▶ Action item
Only the lines from the one containing "Lazy Guy sunglasses combine" through the end of the data are wanted, reproduced exactly and without pictures.

▶ Collected data
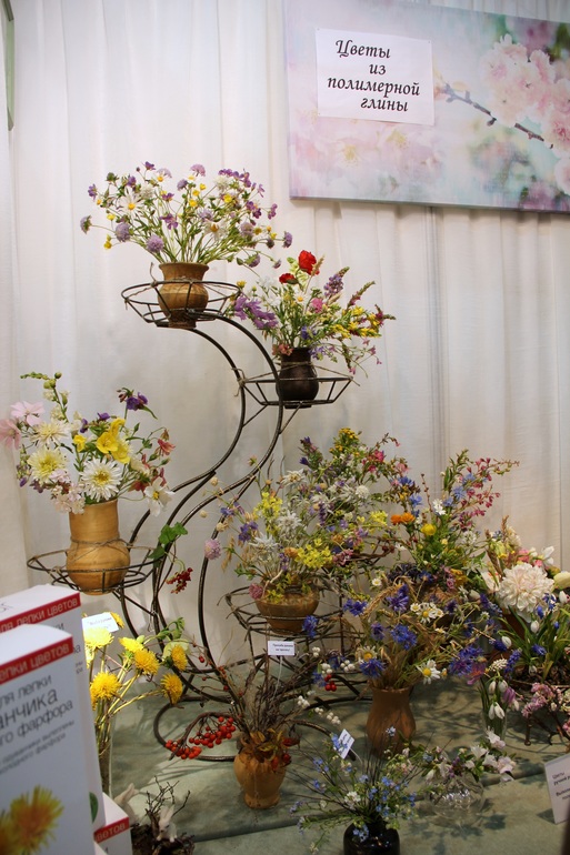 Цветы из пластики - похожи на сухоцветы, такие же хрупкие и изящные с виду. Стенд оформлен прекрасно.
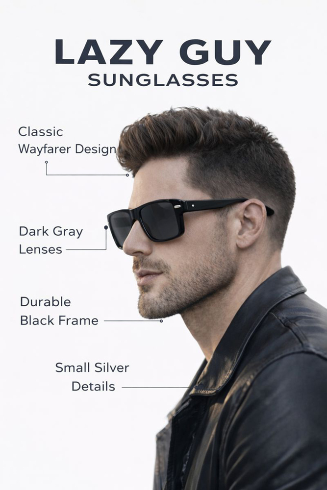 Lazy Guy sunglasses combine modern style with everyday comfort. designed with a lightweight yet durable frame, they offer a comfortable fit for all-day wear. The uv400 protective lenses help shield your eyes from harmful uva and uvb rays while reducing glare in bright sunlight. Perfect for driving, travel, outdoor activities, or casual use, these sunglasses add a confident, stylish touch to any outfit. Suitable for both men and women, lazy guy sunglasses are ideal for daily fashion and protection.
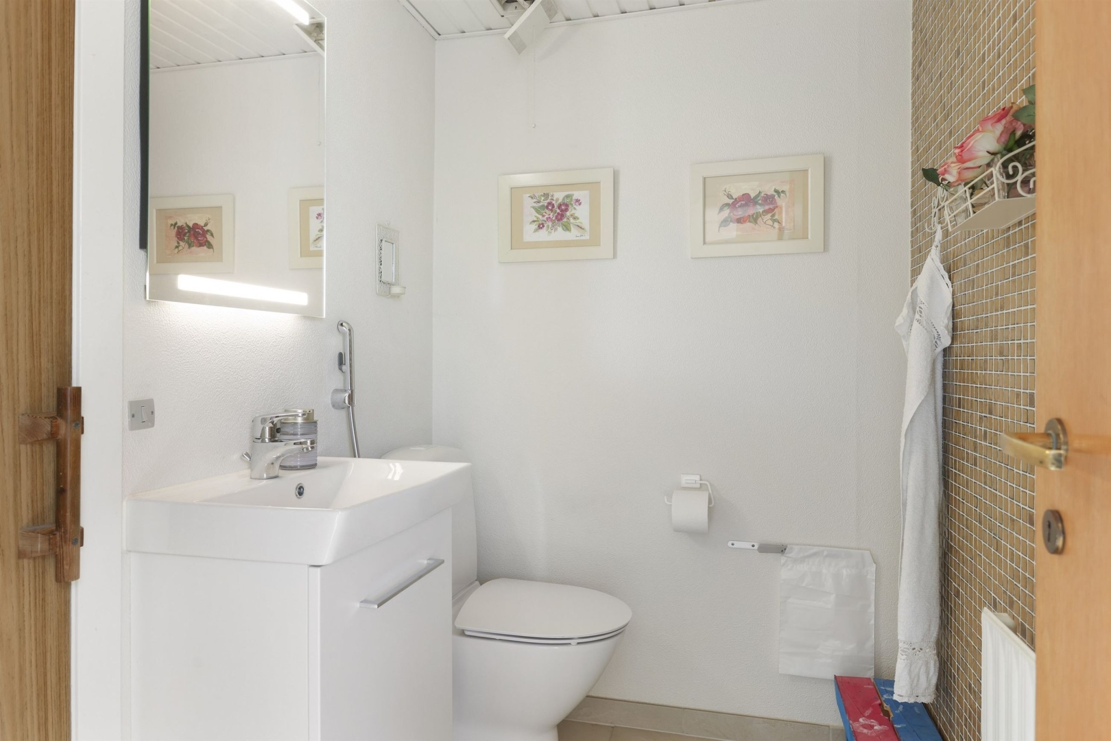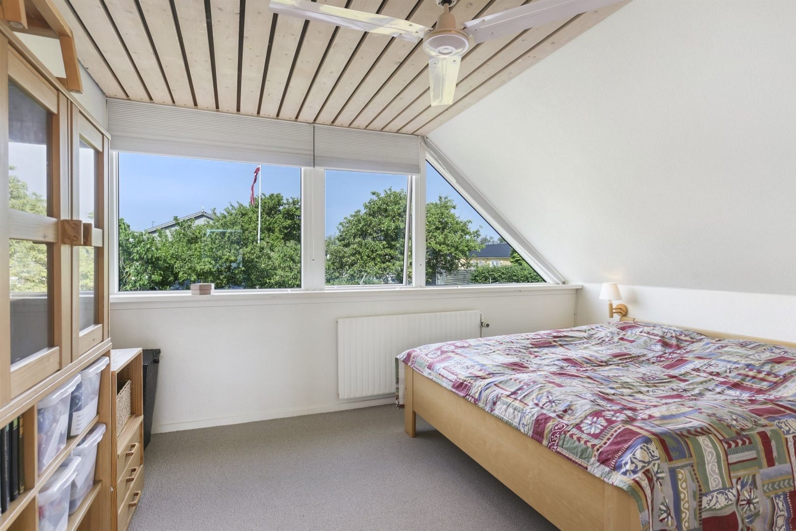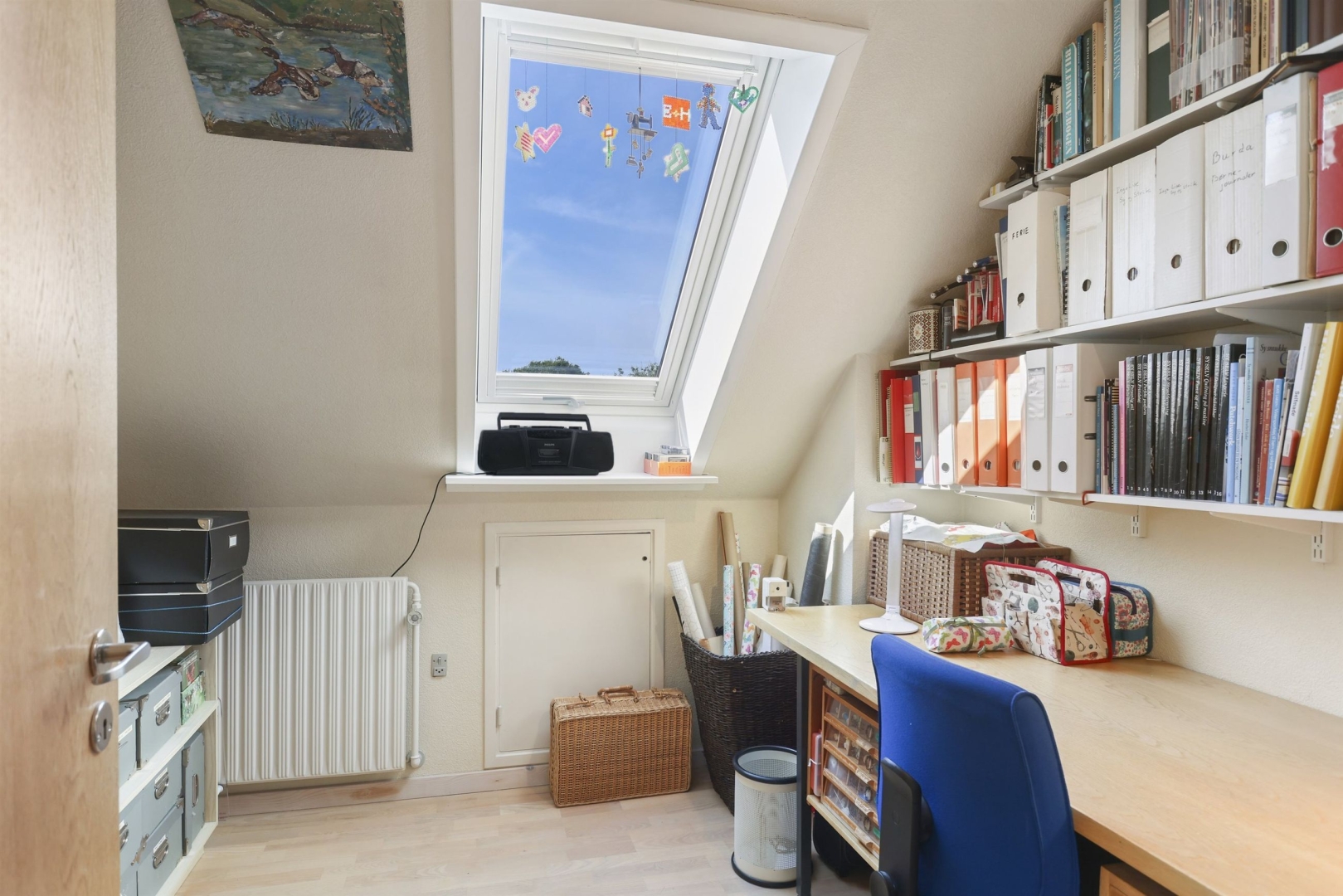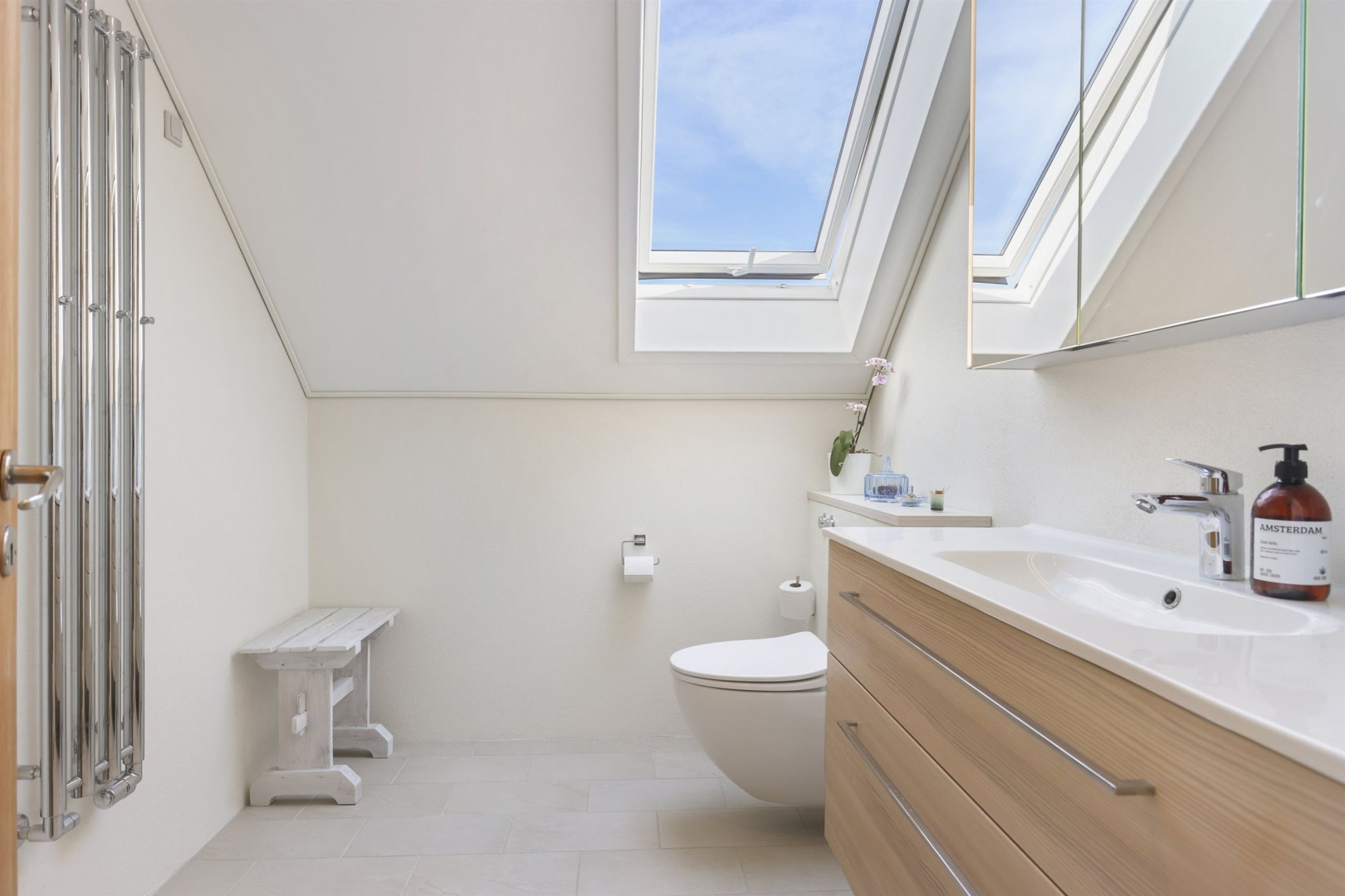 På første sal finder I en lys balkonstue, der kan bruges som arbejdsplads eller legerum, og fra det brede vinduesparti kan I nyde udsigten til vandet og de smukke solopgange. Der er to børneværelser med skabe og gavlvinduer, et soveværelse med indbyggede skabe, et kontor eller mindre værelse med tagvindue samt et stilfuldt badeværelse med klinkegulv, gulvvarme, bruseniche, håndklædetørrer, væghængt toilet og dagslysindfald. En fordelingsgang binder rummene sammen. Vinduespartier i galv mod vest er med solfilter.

▶ Task answer
 Lazy Guy sunglasses combine modern style with everyday comfort. designed with a lightweight yet durable frame, they offer a comfortable fit for all-day wear. The uv400 protective lenses help shield your eyes from harmful uva and uvb rays while reducing glare in bright sunlight. Perfect for driving, travel, outdoor activities, or casual use, these sunglasses add a confident, stylish touch to any outfit. Suitable for both men and women, lazy guy sunglasses are ideal for daily fashion and protection.
 På første sal finder I en lys balkonstue, der kan bruges som arbejdsplads eller legerum, og fra det brede vinduesparti kan I nyde udsigten til vandet og de smukke solopgange. Der er to børneværelser med skabe og gavlvinduer, et soveværelse med indbyggede skabe, et kontor eller mindre værelse med tagvindue samt et stilfuldt badeværelse med klinkegulv, gulvvarme, bruseniche, håndklædetørrer, væghængt toilet og dagslysindfald. En fordelingsgang binder rummene sammen. Vinduespartier i galv mod vest er med solfilter.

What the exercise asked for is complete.